- [Exercise brief] Reproduce the records below exactly as they appear, omitting any pictures they contain.

+++ The input +++

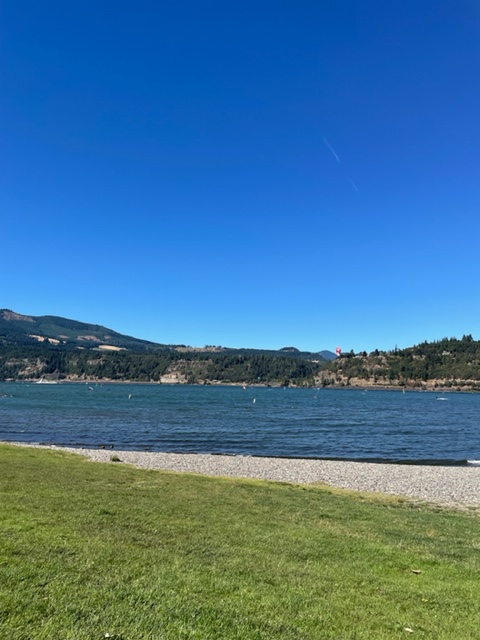 We reached Hood River in less than an hour, with traffic moving near the speed limits and often faster, so not Portland-Beaverton. I parked near the river, and we went to look and, in the case of my guests, play in the river. The new surfing thing at Hood River, the galactic center of river windsurfing (no sharks), was a kite (a sail on a post on the board is no longer done) to pull you. Smaller handheld kites for the newer and less invested and larger ribbon kites for the strong and talented. Huge rigs for the well-invested, competent, and from what I could see older folks. I noticed the vast and fantastic windsurfing was done by a gray-haired community. I pointed that out to one of the surfers as he walked by with a 12-meter wing that would look good on a dragon, and he smiled and said, “yes, it takes wisdom.”
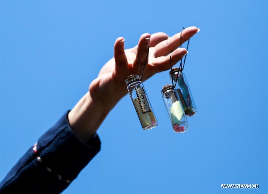 A Palestinian holds sealed bottles with letters before tossing them into the sea, at Gaza's fishing harbor in Gaza City, April 22, 2019. Dozens of Palestinian youths in Gaza City have sent letters to countries around the world, demanding solution to their problems and the lift of Israel's blockade on the Gaza Strip. These letters were written on Monday during an event held at Gaza's fishing harbor, before being sealed in small bottles and tossed into the sea. (Xinhua/Yasser Qudih)
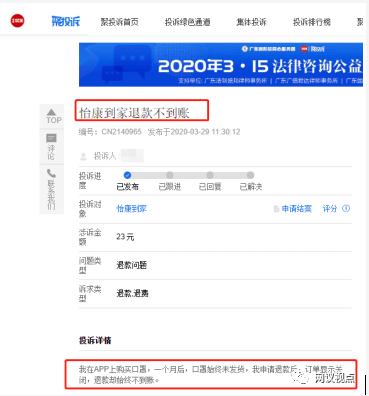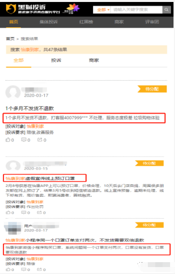 2020年3月29日,有消费者在聚投诉平台发帖称,“在怡康到家APP上购买口罩,一个月后,口罩始终未发货。申请退款后,订单显示关闭,退款却始终不到账。”
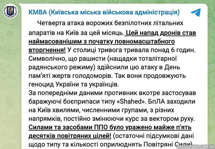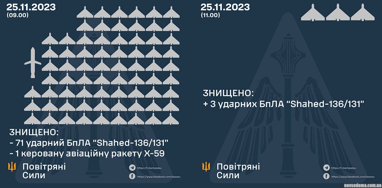 В годовщину Голодомора рф выпустила по Украине рекордное количество дронов – 75 "Шахедов"
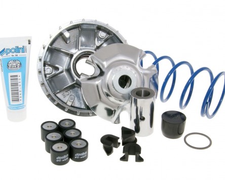Die Polini Maxi Hi-Speed Variomatik zählt zu den leistungsstärksten Tuningteilen für Maxi-Roller. Ein besonderes Augenmerk liegt auf der innovativen Konstruktion der Rollenlaufbahnen, die das vorhandene Leistungsband des Motors optimaler nutzen als herkömmliche Variomatiksysteme. Das führt zu einer Anpassung der Übersetzung in einem drehmomentoptimierten Drehzahlbereich, was zu einer verbesserten Beschleunigung und einer höheren Endgeschwindigkeit beiträgt.
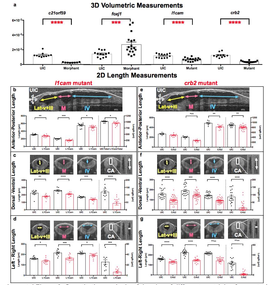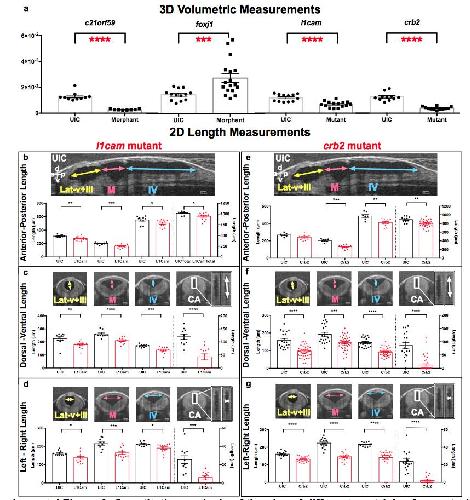 (a) Comparison of 3D volumetric measurements for the ventricular system for c21orf59 and foxj1 morphants and l1cam and crb2 F0 CRISPR mutants with their respective controls. (n=10-20). Schematic representation of position of 2D measurements taken on the control vs. l1cam (left column) and crb2 (right column) F0 CRISPR mutant ventricles are shown at the start of each panel. (b, e) Anterior-posterior length measurements: Mutants show reduced length for individual ventricles as well as of the entire ventricular system.
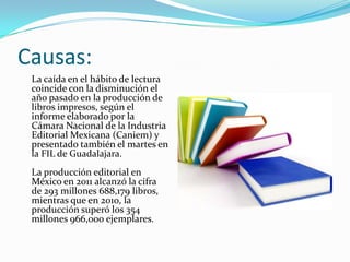El índice de lectura de los mexicanos cayó un 10% en los últimos 6 años, mientras que el promedio de libros leídos por persona se mantuvo en 2.94 libros al año. Las principales razones dadas por los mexicanos para no leer son falta de tiempo y preferencia por otras actividades recreativas. La caída en el hábito de lectura coincide con una disminución en la producción de libros impresos el año pasado.

+++

- [Expected answer]
 We reached Hood River in less than an hour, with traffic moving near the speed limits and often faster, so not Portland-Beaverton. I parked near the river, and we went to look and, in the case of my guests, play in the river. The new surfing thing at Hood River, the galactic center of river windsurfing (no sharks), was a kite (a sail on a post on the board is no longer done) to pull you. Smaller handheld kites for the newer and less invested and larger ribbon kites for the strong and talented. Huge rigs for the well-invested, competent, and from what I could see older folks. I noticed the vast and fantastic windsurfing was done by a gray-haired community. I pointed that out to one of the surfers as he walked by with a 12-meter wing that would look good on a dragon, and he smiled and said, “yes, it takes wisdom.”
 A Palestinian holds sealed bottles with letters before tossing them into the sea, at Gaza's fishing harbor in Gaza City, April 22, 2019. Dozens of Palestinian youths in Gaza City have sent letters to countries around the world, demanding solution to their problems and the lift of Israel's blockade on the Gaza Strip. These letters were written on Monday during an event held at Gaza's fishing harbor, before being sealed in small bottles and tossed into the sea. (Xinhua/Yasser Qudih)
 2020年3月29日,有消费者在聚投诉平台发帖称,“在怡康到家APP上购买口罩,一个月后,口罩始终未发货。申请退款后,订单显示关闭,退款却始终不到账。”
 В годовщину Голодомора рф выпустила по Украине рекордное количество дронов – 75 "Шахедов"
Die Polini Maxi Hi-Speed Variomatik zählt zu den leistungsstärksten Tuningteilen für Maxi-Roller. Ein besonderes Augenmerk liegt auf der innovativen Konstruktion der Rollenlaufbahnen, die das vorhandene Leistungsband des Motors optimaler nutzen als herkömmliche Variomatiksysteme. Das führt zu einer Anpassung der Übersetzung in einem drehmomentoptimierten Drehzahlbereich, was zu einer verbesserten Beschleunigung und einer höheren Endgeschwindigkeit beiträgt.
 (a) Comparison of 3D volumetric measurements for the ventricular system for c21orf59 and foxj1 morphants and l1cam and crb2 F0 CRISPR mutants with their respective controls. (n=10-20). Schematic representation of position of 2D measurements taken on the control vs. l1cam (left column) and crb2 (right column) F0 CRISPR mutant ventricles are shown at the start of each panel. (b, e) Anterior-posterior length measurements: Mutants show reduced length for individual ventricles as well as of the entire ventricular system.
El índice de lectura de los mexicanos cayó un 10% en los últimos 6 años, mientras que el promedio de libros leídos por persona se mantuvo en 2.94 libros al año. Las principales razones dadas por los mexicanos para no leer son falta de tiempo y preferencia por otras actividades recreativas. La caída en el hábito de lectura coincide con una disminución en la producción de libros impresos el año pasado.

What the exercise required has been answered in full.